* Exercise instructions: Could you print exactly the lines from the one that contains "Geçtiğimiz ayın sonlarında" to the end of the data, both ends included, and nothing else? Skip the pictures.

--- Data section ---

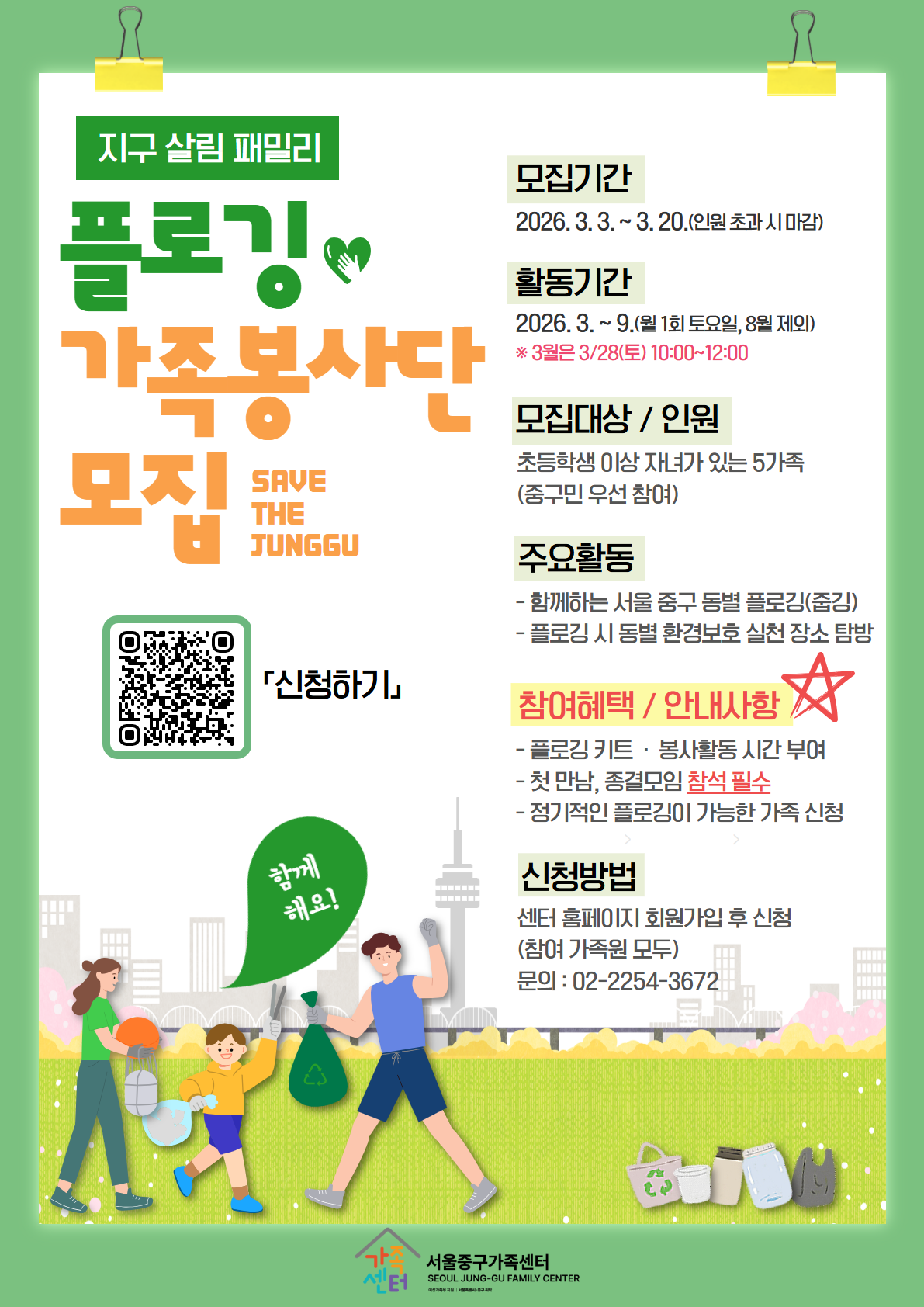 [서울중구가족센터] 2026년 초등학생 가족 대상 정기 플로깅 봉사단 활동(월 1회) 참여자 모집
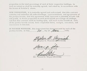 Geçtiğimiz ayın sonlarında Apple’ın kuruluş dokümanlarının açık arttırmayla satılacağı haberi internete yansımıştı. 1976 yılına ait olan kağıtların üzerinde Steve Jobs, Steve Wozniak ve Ronald Wayne’in imzaları yer alıyordu. Açık arttırma haberleri ilk çıktığında bu kuruluş dokümanlarının 150 bin ABD doları civarında bir fiyattan satılacağı düşünülüyordu.
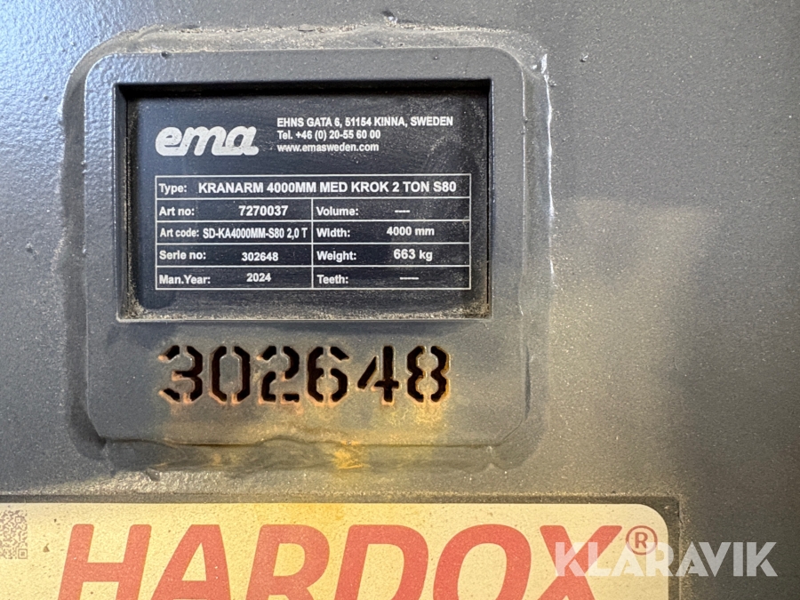Kranarm 4000mm med krok Ema S80

---

* Output for this task:
 Geçtiğimiz ayın sonlarında Apple’ın kuruluş dokümanlarının açık arttırmayla satılacağı haberi internete yansımıştı. 1976 yılına ait olan kağıtların üzerinde Steve Jobs, Steve Wozniak ve Ronald Wayne’in imzaları yer alıyordu. Açık arttırma haberleri ilk çıktığında bu kuruluş dokümanlarının 150 bin ABD doları civarında bir fiyattan satılacağı düşünülüyordu.
Kranarm 4000mm med krok Ema S80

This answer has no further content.